Your task: Leaving out all pictures, copy the lines below exactly, from the line with "Svájc kb 500" to the last line, both ends included.

Available records:
--

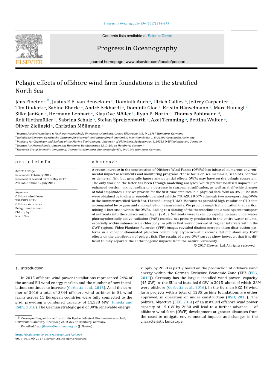 Lass et al. (2008) 测量了波罗的海河口水流中桩下游的增强混合。而模拟的Paskyabi et al. (2012)有一个OWF大小的漩涡,Lass et al. (2008) 观察到增强的混合和涡旋与单桩的特征直径和对应于vonKaacute;rmaacute;n涡街的频率(see also Grashorn and Stanev, 2016).Rennau et al. (2012) 应用数值模型来评估密集底流中的单桩诱导混合,代表波罗的海西部。他们计算了一个区域内额外的垂直整合正浮力产量10个单桩直径。然而,由于真实的风电场分布导致的结构引起的混合的影响相当低,底部水盐度的典型降低在0.1-0.3的范围内。最近,Cazenave et al. (2016)应用3D非结构化网格模型(FVCOM),仅关注涡轮单桩的物理存在的影响。在混合或分层东爱尔兰海,2011年1月和5月在潮汐流状况下明确描述了来自7个OWF的242个风力涡轮机单桩的影响。随着距离单桩的距离,空间分辨率从2.5米增加到10千米。在1km的半径内发现水平最大电流速度降低5%,即单桩直径的约250倍。发现单桩在半径仅200米范围内增加局部垂直混合,但发现OWF在2011年5月对分层产生5-15%的影响,影响面积比其162个单桩的足迹大约80,000倍。相反,Carpenter et al. (2016)得出的结论是,预计OWF对北海目前的大规模分层影响很小。他们的研究使用了混合和平流时间尺度的数量级估计,并将水体与OWF的结果与自然分层变化进行了比较。但是,如果发展继续如预期那样,OWF的影响可能在OWF规模和北海南部规模上变得显着。由此结束克拉克等人。(2014)关于OWF对远洋生态系统的生物物理影响的观测研究仍然缺失,但它们对验证模型结果是必要的。因此,我们提供了在夏季分层期间对北海两个OWF进行生物物理调查的第一个实证结果。作为以往理论和模型研究的后续,该调查的主要目标是提供潜在的OWF基础效应的初步经验指示:
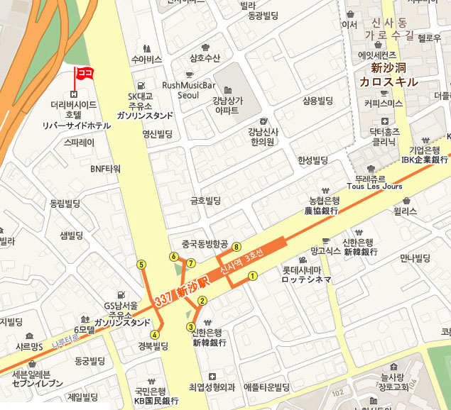 新沙駅(Sinsa)にて下車。5番出口から徒歩約5分
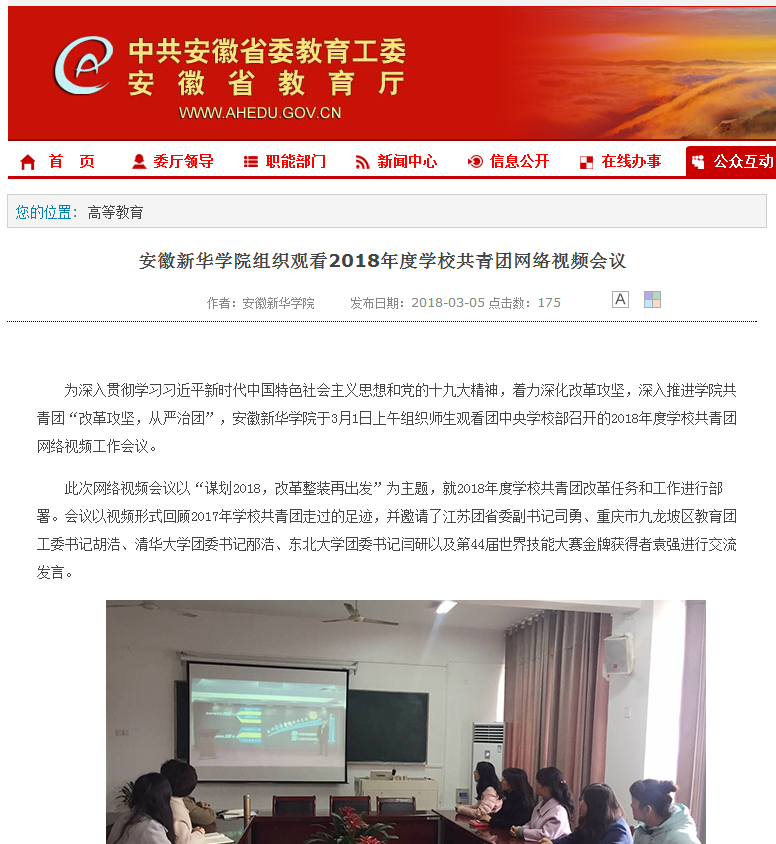安徽教育网:3044am永利集团3044noc组织观看2018年度学校共青团网络视频会议
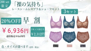 【早割20%OFF】選べる3色「裸の気持ち」レースシームレスブラセット
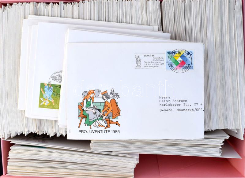 Svájc kb 500 db címezetlen küldemény, alkalmi / elsőnapi bélyegzésekkel, dobozban
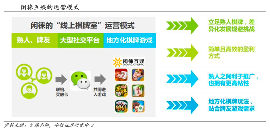 經(jīng)典案例:根據(jù)艾媒咨詢、安信證券研究中心等綜合資訊表明,閑徠互娛主要的銷售模式是房卡模式,相當于將線下棋牌室移到線上。先在當?shù)赝茝V吸引第一批客戶,再利用類似微商代理模式,在熟人中迅速傳播。靠熟人傳播,閑徠互娛的用戶規(guī)模和用戶粘性遠高于同類棋牌游戲。
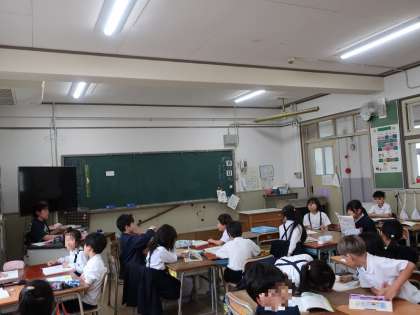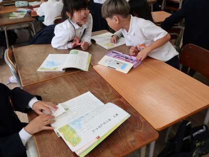 2年生の国語授業の様子です。班に分かれて交代で音読をしています。みんな大きな声で読めていました。呼ぶ場所がわからなくなってしまった子には、周りのお友達が「ここだよ」と優しく声をかけてくれています。
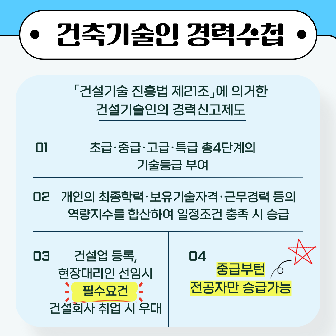 건설 기술인 경력 수첩은 「건설기술진흥법 제21조」에 의거하여 건설 기술인의 경력 신고 제도에 따라, 초급, 중급, 고급, 특급의 4단계 기술 등급을 부여합니다. 이 경력 수첩은 개인의 학력, 보유 자격증, 근무 경력 등을 종합적으로 평가하여 승급 여부가 결정됩니다.
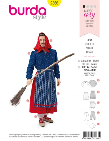 Burda CarnavalSorcière -modèle de couple Chemise - jupe - tablier - pantalon -foulard Niveau couture: Super Facile, rapide, idéal pour débutant Le costume traditionnel de sorcière, autant destiné aux femmes qu'aux hommes, se compose d'une chemise simple à petite fente et encolure gansée, associée à une jupe élastiquée ample et un tablier assorti. Le tout se porte sur une culotte blanche en tissu brodé. Un foulard triangulaire assorti apporte la touche finale. Tissu(s) conseillé(s): ABCE: cotonnade D: tissu brodé festonné sur un bordLangues incluses: Français, Deutsch, English, Español, Nederlands, Italiano,Svenska, Dansk, Pусский
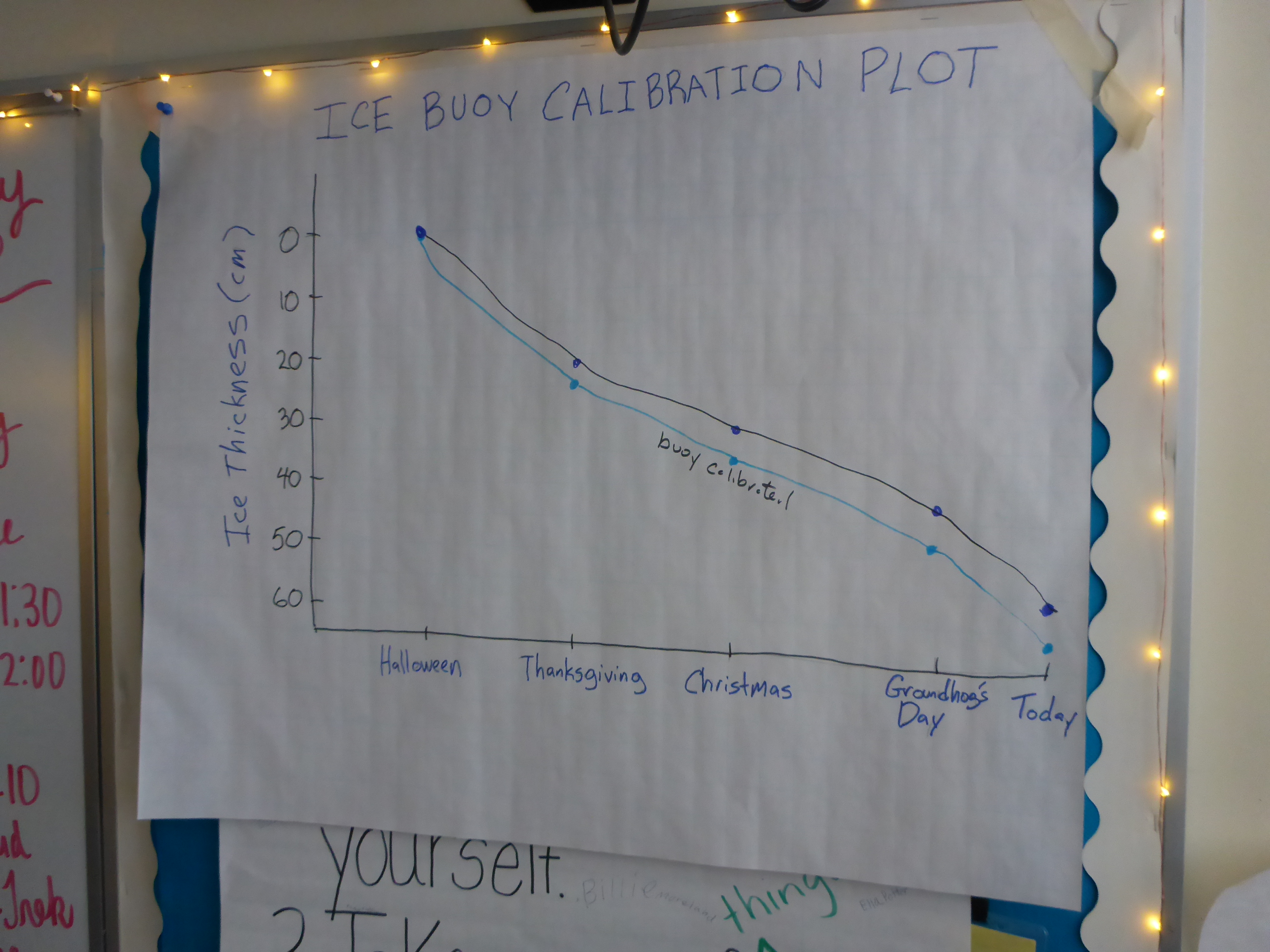 Students discovered that the buoys was recording ice thickness 5 cm thinner than what was measured using a hand auger and tape (the more precise and accurate method). This correction provides scientists with the information to provide more accurate data to other scientists and the public. 4th graders got outdoors and practiced their math skills on an applied physics problem at the same time.

--

Response area:
 Svájc kb 500 db címezetlen küldemény, alkalmi / elsőnapi bélyegzésekkel, dobozban
 經(jīng)典案例:根據(jù)艾媒咨詢、安信證券研究中心等綜合資訊表明,閑徠互娛主要的銷售模式是房卡模式,相當于將線下棋牌室移到線上。先在當?shù)赝茝V吸引第一批客戶,再利用類似微商代理模式,在熟人中迅速傳播。靠熟人傳播,閑徠互娛的用戶規(guī)模和用戶粘性遠高于同類棋牌游戲。
 2年生の国語授業の様子です。班に分かれて交代で音読をしています。みんな大きな声で読めていました。呼ぶ場所がわからなくなってしまった子には、周りのお友達が「ここだよ」と優しく声をかけてくれています。
 건설 기술인 경력 수첩은 「건설기술진흥법 제21조」에 의거하여 건설 기술인의 경력 신고 제도에 따라, 초급, 중급, 고급, 특급의 4단계 기술 등급을 부여합니다. 이 경력 수첩은 개인의 학력, 보유 자격증, 근무 경력 등을 종합적으로 평가하여 승급 여부가 결정됩니다.
 Burda CarnavalSorcière -modèle de couple Chemise - jupe - tablier - pantalon -foulard Niveau couture: Super Facile, rapide, idéal pour débutant Le costume traditionnel de sorcière, autant destiné aux femmes qu'aux hommes, se compose d'une chemise simple à petite fente et encolure gansée, associée à une jupe élastiquée ample et un tablier assorti. Le tout se porte sur une culotte blanche en tissu brodé. Un foulard triangulaire assorti apporte la touche finale. Tissu(s) conseillé(s): ABCE: cotonnade D: tissu brodé festonné sur un bordLangues incluses: Français, Deutsch, English, Español, Nederlands, Italiano,Svenska, Dansk, Pусский
 Students discovered that the buoys was recording ice thickness 5 cm thinner than what was measured using a hand auger and tape (the more precise and accurate method). This correction provides scientists with the information to provide more accurate data to other scientists and the public. 4th graders got outdoors and practiced their math skills on an applied physics problem at the same time.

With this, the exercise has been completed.